Thomas Martin (born July 22, 1940) is an American-born musician and luthier, known for playing the double bass. He was twice awarded prizes for his recordings of Giovanni Bottesini's work, and he has been principal in many orchestras of importance, including the English Chamber Orchestra and the London Symphony Orchestra. Martin was formerly International Chair of Double Bass at Royal Birmingham Conservatoire and has been professor both at the Royal College of Music Guildhall School of Music and Drama and at the Royal Scottish Academy of Music in Glasgow.

== Beginnings and professional career ==
Martin studied in the United States under Harold Roberts, Oscar Zimmerman and Roger Scott. Both Zimmerman and Scott were main students of the Catalan virtuoso Antoni Torelli: Principal Bass of Barcelona's Teatro Liceo orchestra and later the Philadelphia Orchestra. Torello is well known for having introduced the French bowing technique in the United States. He was pupil Pedro Valls, who was in turn a pupil of José Roveda and Giovanni Bottesini. Martin has developed a great technique using the same kind of bow. As a conductor, he has studied with Sian Edwards in London and with Stephen Darlington in Oxford, and has also accomplished the first recording of Giovanni Bottesini's Messa da Requiem with the London Philharmonic Orchestra and its chorus. Martin has played with Israel Philharmonic Orchestra and the Buffalo Philharmonic.
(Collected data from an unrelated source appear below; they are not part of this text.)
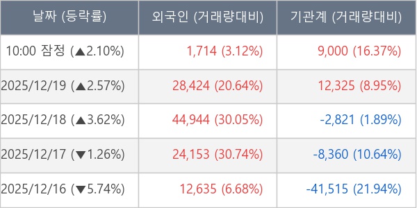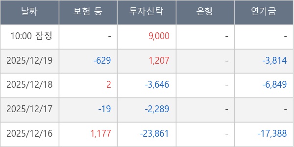 [표] 주요 기관별 순매매량 (단위 주)
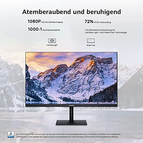 HUAWEI Display 23,8"-75Hz, 60 cm (23,8 Zoll), Full HD FullView Monitor, (HDMI,1920 x 1080,5ms Reaktionszeit), Rahmenloses Design, Eye Comfort, AMD FreeSync, Deutsche Version,Schwarz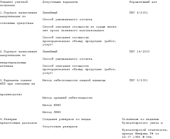 ПРИЛОЖЕНИЕ 7. Элементы учетной политики, влияющие на показатели отчетности.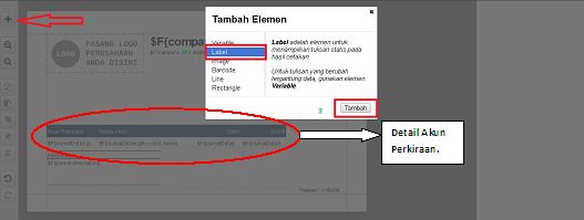 - Geser kolom yang berada pada bagian detail Akun Perkiraan, seperti No Akun, Nama Akun dan lainnya. Setelah itu klik (+), pilih Label dan klik Tambah.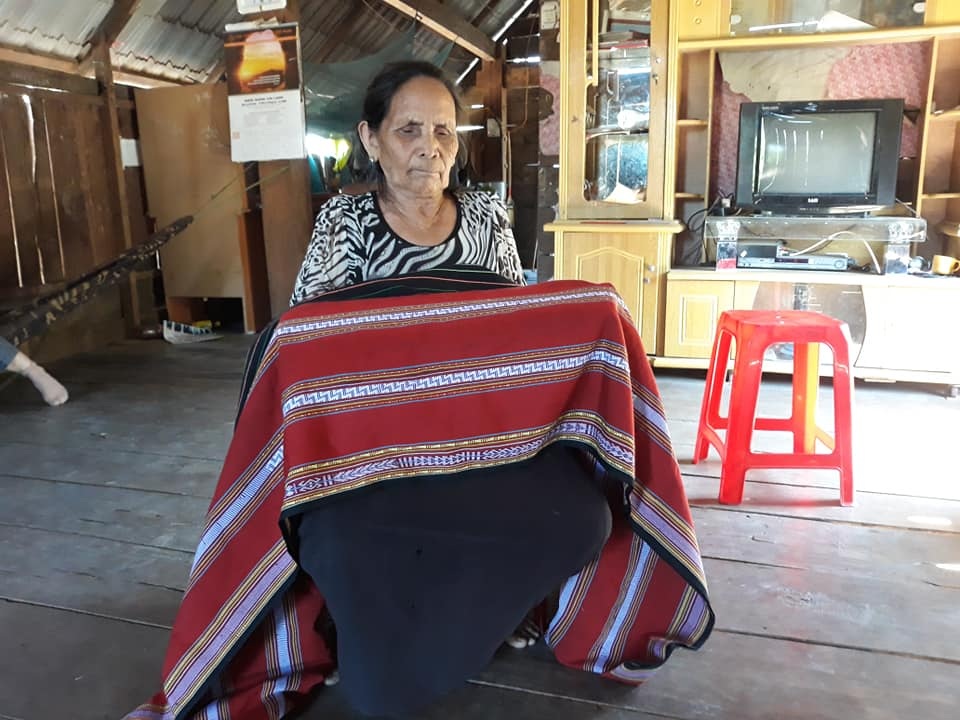 Mí Zon, buôn M’Trưng, xã K rông Jing đang dệt thổ cẩm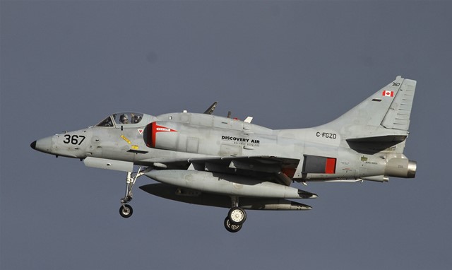 Uno de los A-4N “Skyhawk” de Discovery Air (Top Aces) aterrizando en Gando, Canarias (foto Julio Maíz).
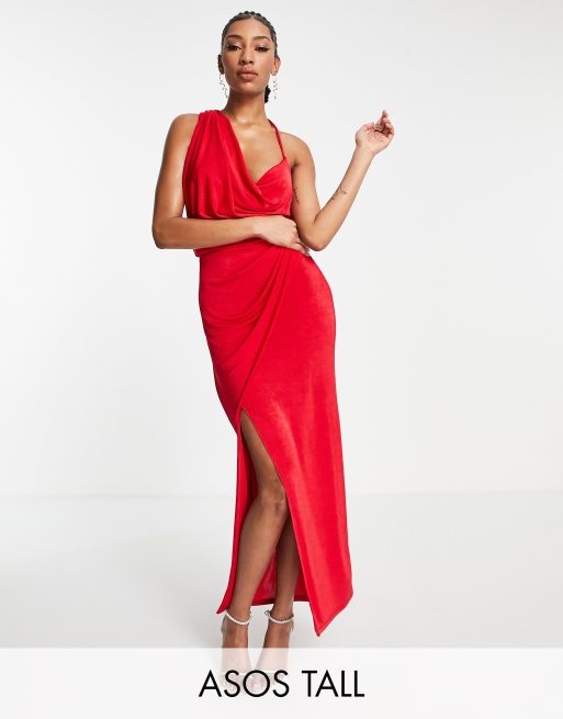 ASOS DESIGN Tall - Rød slå-om-midikjole med cami-stropper og draperet skulder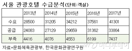 이에 대해 한국관광공사 관계자는 "해외 여행사들을 조사한 결과 골든위크와 춘절·국경절 같은 성수기에 숙박예약이 힘들어 한국 여행을 포기한 수요가 실제 여행을 온 수요의 40%에 달한다"며 "홍콩이나 도쿄, 상하이 등과 비교해도 서울 호텔 객실수는 절반 수준도 되지 않는다"고 밝혔다.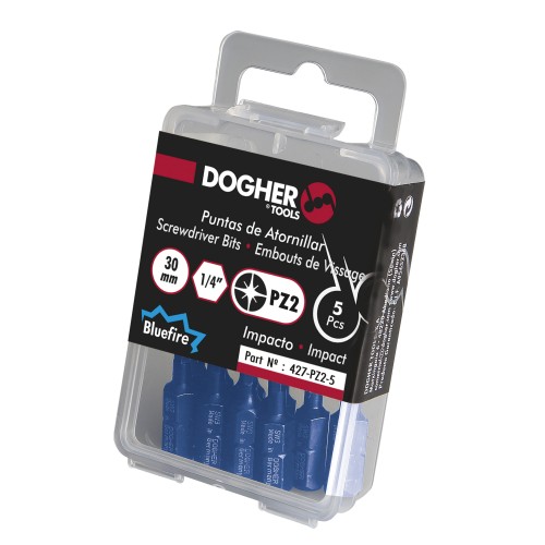 427-Pz-5 | Caja 5 Puntas de Atornilllar de Impacto DOGHER Bluefire S2 30mm Pozidriv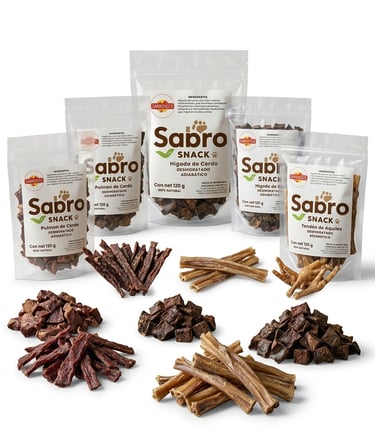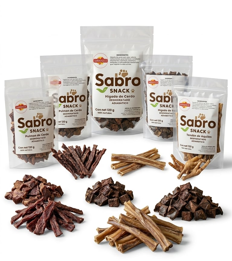 SabroSnack es una línea premium de snacks naturales deshidratados para mascotas desarrollada por Sabroseco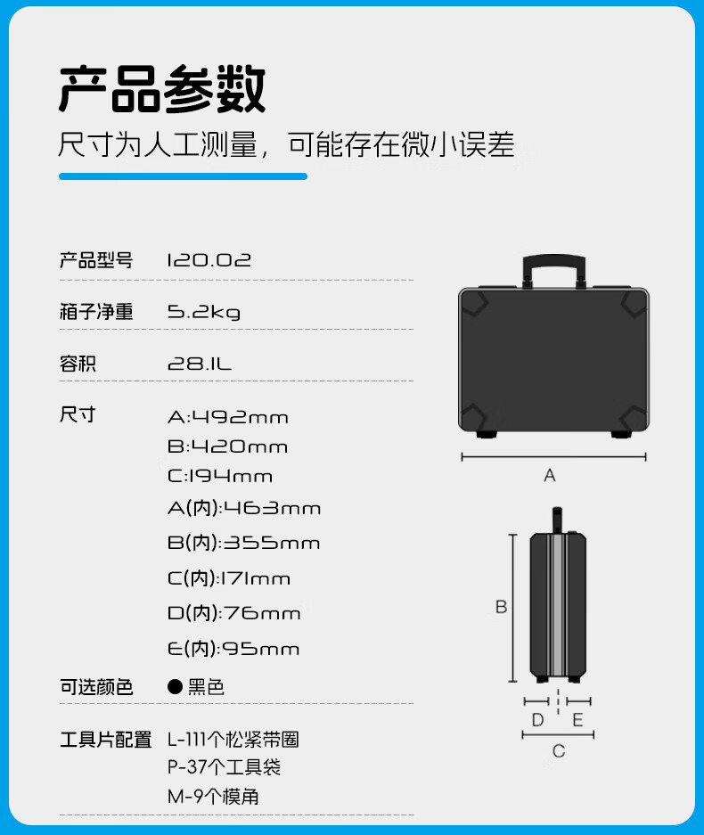 Beiwei portable hardware tool box empty box household industrial maintenance multi-functional vehicle tool storage box 120.02 120.02/P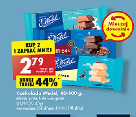 Cena produktu r贸偶ni si臋 w zale偶no艣ci od wybranego sklepu. Produkt Czekolada lekko gorzka E. wedel mo偶esz kupi膰 w promocji ju偶 od 4,79 z艂 do 16,99 z艂. Najta艅sza oferta, jak膮 mamy w naszej bazie jest z sieci Tw贸j Market. Czekolada lekko gorzka E. wedel kosztuje aktualnie 4,79 z艂. Zobacz ofert臋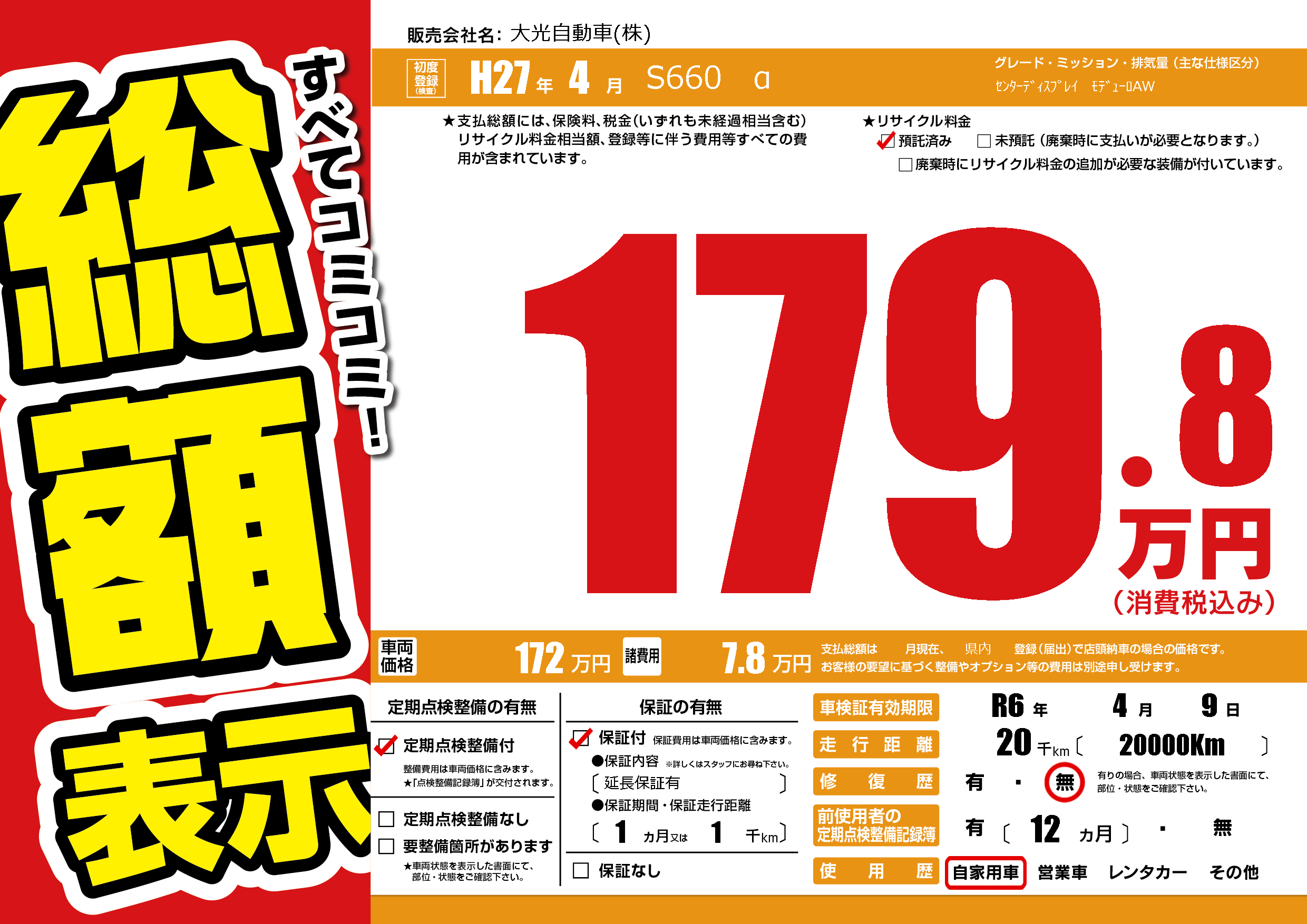 | 車名 | S660 α | グレード ミッション 排気量 |
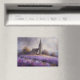 Ein ruhiges Gemälde einer rustikalen Kirche, eingebettet in ein lebendiges Feld lila Wildblumen. Die sanften Farbtöne der Blüten kontrastieren wunderschön mit der verwitterten Struktur der Kirche und schaffen eine ruhige und zeitlose Landschaft, die Ruhe und Charme ausstrahlt.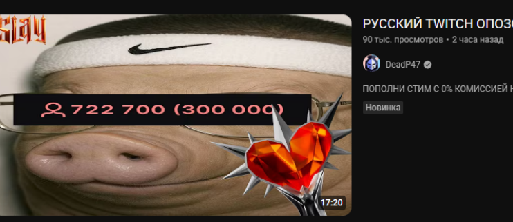 >>25713980 Топ и рекомендации забиты унылым накрученным говном. А хорошие честные стримеры не могут подняться, потомучто зрилы до них просто не доходят.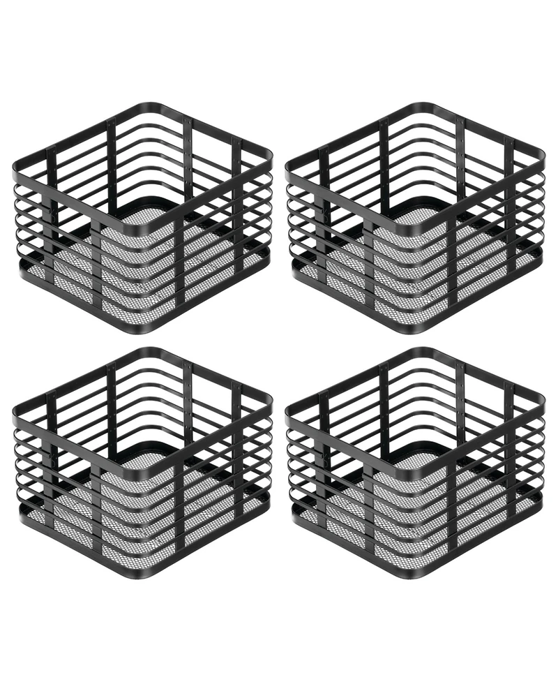 mDesign Metal Pantry Basket with Handles - Set of 4 - Matte Black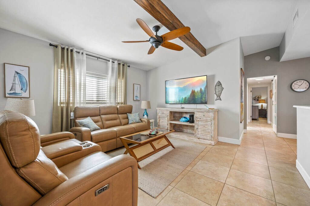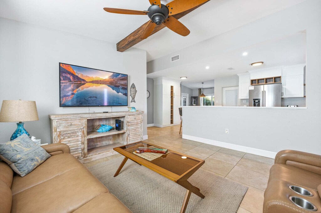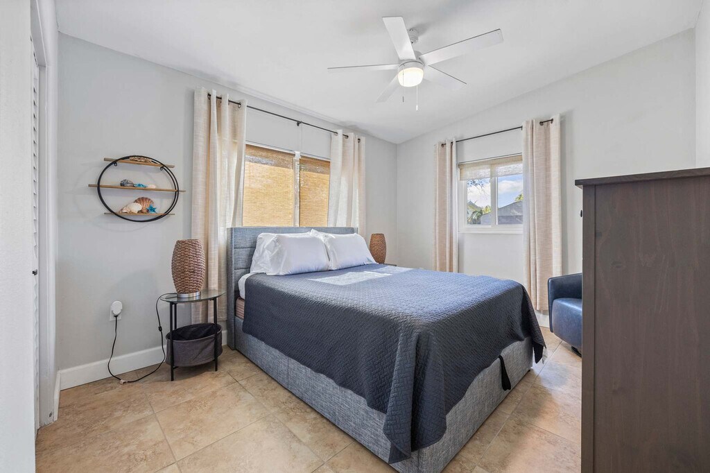 Experience a Cocoa Beach vacation in this renovated, stunning 3-bedroom home, where you'll feel at home. It's just a short walk to the beach and river, with easy access to downtown Cocoa Beach. This home sleeps 8 guests and features smart TVs, all the amenities, and high-speed Wi-Fi. Enjoy the private outdoor oasis with an outdoor shower and tiki hut lounge area, as well as a sun room with additional living space. To ensure a comfortable start to your stay, an initial stock of paper towels, toilet paper, tissues, coffee pods, creamer, sugar, light cleaning supplies, garbage bags, sponges, dish soap, and dishwasher tabs are provided. Plan to replenish these supplies as needed during your stay. Only dogs are allowed at this property, with a fee of $100 per pet, per stay. Located in south Cocoa Beach, you'll be a stone's throw from everything you could want to do on vacation. It's a quick walk to the beach or the Banana River. Enjoy days lounging in the sun, watersport adventures, a night out on the town, jaunts down to the space center or to view a rocket launch, or a day trip to Orlando for a theme park day. Uber and Lyft are prevalent in the area. Mailbox access is not available for guests. [SI]

As principal bass, he has played with the Montreal Symphony Orchestra, the Academy of St Martin in the Fields, the English Chamber Orchestra, the City of Birmingham Symphony Orchestra, and latterly the London Symphony Orchestra. He has been principal bass with the Oxford Philomusica since its first season.

== Soloist ==
In recent years, Martin has been pursuing an ever-increasing interest in solo playing appearing in recitals and concertos with orchestras around the world. He has made a number of television and broadcast appearances presenting a wide variety of repertoire ranging from the baroque to the 20th century. He has played and recorded an extensive amount of the chamber music for his instrument, and recently completed a series of recordings of the music of Giovanni Bottesini, which have met with great critical acclaim. His recordings in the Bottesini series with Anthony Halstead were awarded “Gramophone Magazine Record of the Year” and his recording with the English Chamber Orchestra was chosen as the “Sunday Times Record of the Year”. During 2008, the celebrated series was re-released on Naxos. The collaborators of this achievement include the English Chamber Orchestra, the LSO, double bass virtuoso Franco Petracchi, pianist Christopher Oldfather and cellist Moray Welsh.

== Other activities ==
Both a double bass virtuoso and a double bass enthusiast and bibliophile, Martin is responsible for a large number of editions of music for his instrument, notably for Thodore Presser and International Music Company in the U.S. and G. Billaudot in France. As a teacher, Martin was, for many years, Senior Professor of double bass at London's Guildhall School of Music and is now a professor at the Royal College of Music in London and the Royal Scottish Academy of Music in Glasgow. He is in constant demand to give master classes internationally and is often asked to serve on International competition juries.